Friday, September 15, 2017

The Lying Strategy or the Merits of a Good Idea, Because Winning Isn't Cynical, It's Necessary.

In this age of short attention spans, virtual facts, and lowered denominators, let me ask: when is it important to exaggerate, lie, and cynically promise the moon when you know that leveling with people is a loser?  Do good ideas need to be lied about or surrounded with misleading, unfinished, and incomplete truths just to get an airing?  Do we have to promise the moon just to deliver a pizza?  How do exaggeration and untenable promises play a role in creating the necessary memes?  Does all that just set you up for failure, berated eventually as a sell out when you can't make it happen?

The right wing in America has a _machine_ set up to allow their lies to go unchecked and repeated.  It's called Fox, Breitbart, Rush, Hannity, etc.  The left has no such mechanism and then goes on mainstream media shows only to be legitimately interrogated, forced to take the facts seriously, and get creamed because, well, when THEY lie, they get busted.  The right's false equivalences go largely untouched or the right dismisses the MSM and honest journalism is deemed fake.  It's lose lose here.  But we persist with the same necessary question: do we lie to _get the right idea on track_ OR do we level with people?

Religion, I will also remind you, has a long, storied history of promising everything and delivering little.  And these religions have a way of WINNING, if by that we mean, they are still around spewing their nonsense.  It's not about leveling with people, it's about selling them something they _want_, and if that involves nonsense, so be it!  Jesus is coming.  Said the 1st century evangelist.  Okay.  Continue to LOOK BUSY.  I  assure you.  He's still coming. Umm, sooner or later.  Right.  You get the point here.

But the issue isn't only religious fantasies.  There's something far more practical I have in mind.  I'm asking about how to reach into people's hearts and minds and PLANT A GOOD IDEA that otherwise will just wilt or fail.  I'm asking with seriousness if it is actually necessary to go through this process of dissimulation FOR GOOD REASONS, that is, to get something eventually that is more honest.  Let's be plain: without the bullshit, no one pays attention and no one buys the story they _want to hear_.  Turn it around: too much honesty, same problem only worse.

Now, one could argue precisely the opposite: that a good idea needs no exaggeration or false sell because, well, it stands on its own, it's a _good idea_.  (If this were true Rajanaka wouldn't be, you know, just us...)  So this strikes me as patently false, at least for the majority and not-us.  We live in a country where people regularly and routinely ignore their interests, vote against them, and fail to take seriously almost everything that is important because they would rather watch reality TV and believe it.  There are people who think Obama was born in Kenya and lefties who think Bernie's healthcare plan could pass a Congress.

So the good idea I currently have in mind is universal healthcare and some sort of single-payer system, which is currently being sold as "Medicare for all."  Here's why I think it's a good idea being lied about: math and fear.  The math problem isn't that it can't be solved.  There is no reason why the richest country in the world can't afford healthcare for all: we know the oligarchs and their politicals will oppose it and work tirelessly to convince the low information American.  Since most Americans get their healthcare from employers, which doesn't mean they get good care, they will be reluctant to change when they find out that premiums, deductibles, and other costs are now called "taxes."  The word "taxes" will be enough to scare them to no.
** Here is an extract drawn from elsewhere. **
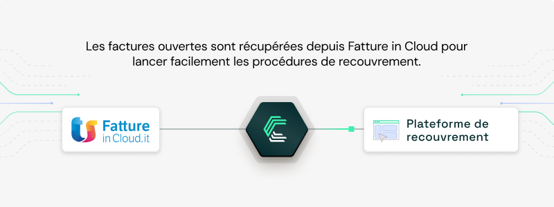 Des plateformes de recouvrement comme GCollect, LegalCity et Rubypayeur se connectent à des outils de facturation comme Fatture in Cloud via Chift pour récupérer automatiquement les créances ouvertes et déclencher les processus de relance.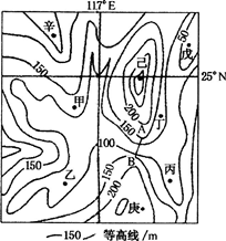 问题 根据读某地等高线图(比例尺1:20000), 如果在图中AB处修建水坝,坝长(图上距离0.7厘米)和最大坝高(坝顶到坝底)分别约为(  )。

What's left then is _how_ to get to healthcare for all and some or another single payer?  Do we go with the Bernie talk, which has zero chance of winning unless there is a complete Democratic take over of every branch of government including 60 votes in the Senate?  OR do we tell the truth about that?  I'm not kidding.  We NEED to get people onto OUR meme, which is healthcare for all MUST happen.  So do we knowingly tell them exaggerated bullshit, the way Republicans do _all the time_ (e.g., repeal and replace with NO REAL PLAN)?  Or tell people the truth about incremental change and real costs, you know, LEVEL with people?

This week, among the 17 Senators siding with Bernie's Medicare for All, are serious Democratic Presidential candidates.  The question is this: are they honest AND should they be?  Not so much.  So I'm thinking that Harris, Booker, et.al., are taking a play from the Republicans: promise the moon and work the facts _later_.  Why not tell the truth?  Because it's too hard for Americans to accept what's real and, more importantly, they _need_ a hype to hear _anything_, they need a team, a cause, something BIG to root for.

So we're left with two strategies: lie big to try to make the meme take hold or use acidic candor to try to deal with practical facts.  The latter tactic ---cool honesty--- has not served us any better than lying big.  And it has the added disadvantage of believing that people, our fellow citizens, the American people are adults and will act accordingly.  I seriously doubt that is possible given both attention spans and the hard to swallow facts.  Should we lie big to get the point across or keep to the hard facts?  I wonder.